We draw two conclusions from these results. First, even in this worst-case scenario for PlanetP, which we do not expect to occur often, if peers have DSL or higher connectivity, then PlanetP does quite well. Second, we need to modify PlanetP if we are to accommodate users with modem-speed connections. While the artificial lengthening of gossiping convergence time can be easily fixed if peers are assumed to be multi-threaded, when a new peer first join, the time to download the entire directory would still likely take too long. Thus, we should either exclude peers with less than DSL connectivity or allow a new modem-connected peer to acquire the directory in pieces over a much longer period of time. We would also need to support some form of proxy search, where modem-connected peers can ask peers with better connectivity to help with searches.

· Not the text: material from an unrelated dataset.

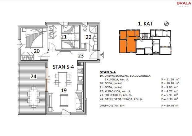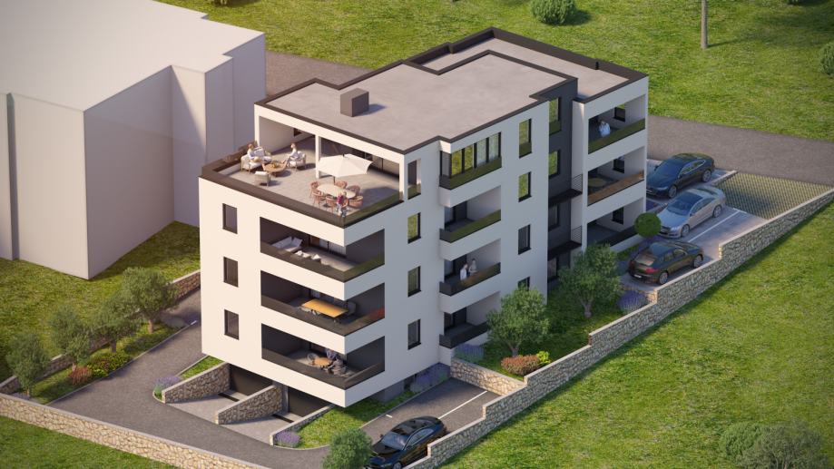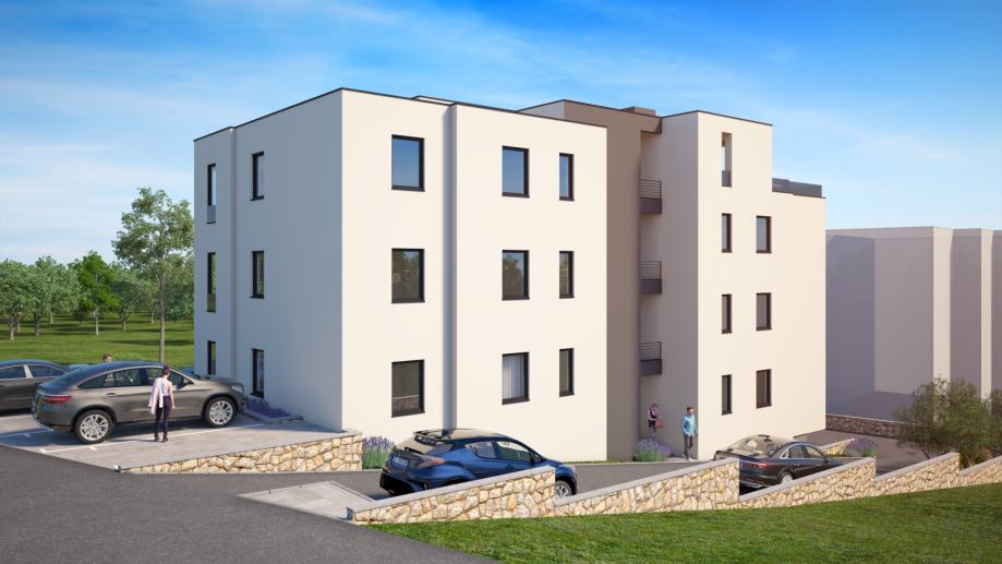Prodaje se prekrasan trosoban stan M-S-4 obračunske površine 59,40 m2 na prvom katu visokokvalitetene moderne zgrade od dva kata i potkrovljem u izgradnji s ukupno 8 stanova i 2 apartmana, a koji se sastoji od ulaznog hodnika, dnevnog boravka s kuhinjom i blagavaonom, dvije spavaće sobe, kupaonice s WC-om i natkrivenom terasom.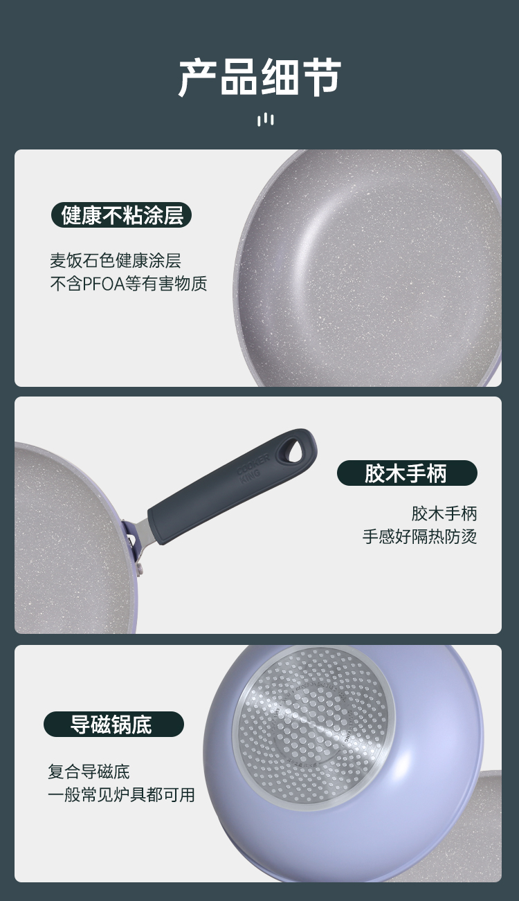 3、炉灶全兼容 换灶不换锅,高强度磁感应底,不挑炉灶更省心,经久不粘清洗更容易,不粘锅好清洗,省时更省力。

We also decided to modify our gossiping algorithm to be bandwidth-aware, assuming that peers can learn of each other's connectivity speed. The motivation for this is that a flat gossiping algorithm penalizes the community to spread information only as fast as the slow members can go. Thus, we modify the basic PlanetP gossiping algorithm for peers with faster connectivity to preferentially gossip with each other and peers with slower connectivity to preferentially gossip with each other. This idea is implemented as follows. Peers are divided into two classes, fast and slow. Fast includes peers with 512 Kb/s connectivity or better. Slow includes peers connected by modems. When rumoring, a fast peer makes a binary decision to talk to a fast or slow peer. Probability of choosing a slow peer is 1%. Once the binary decision has been made, the peer chooses a particular peer randomly from the appropriate pool. When performing anti-entropy, a fast peer always chooses another fast peer. When rumoring, a slow peer always chooses another slow peer, so that it cannot slow down the target peer, unless it is the source of the rumor; in this case, it chooses a fast peer as the initial target. Finally, when performing anti-entropy, a slow peer chooses any node with equal probability.
In the next section, we study the performance of the bandwidth aware algorithm when used in a dynamic environment where membership changes constantly.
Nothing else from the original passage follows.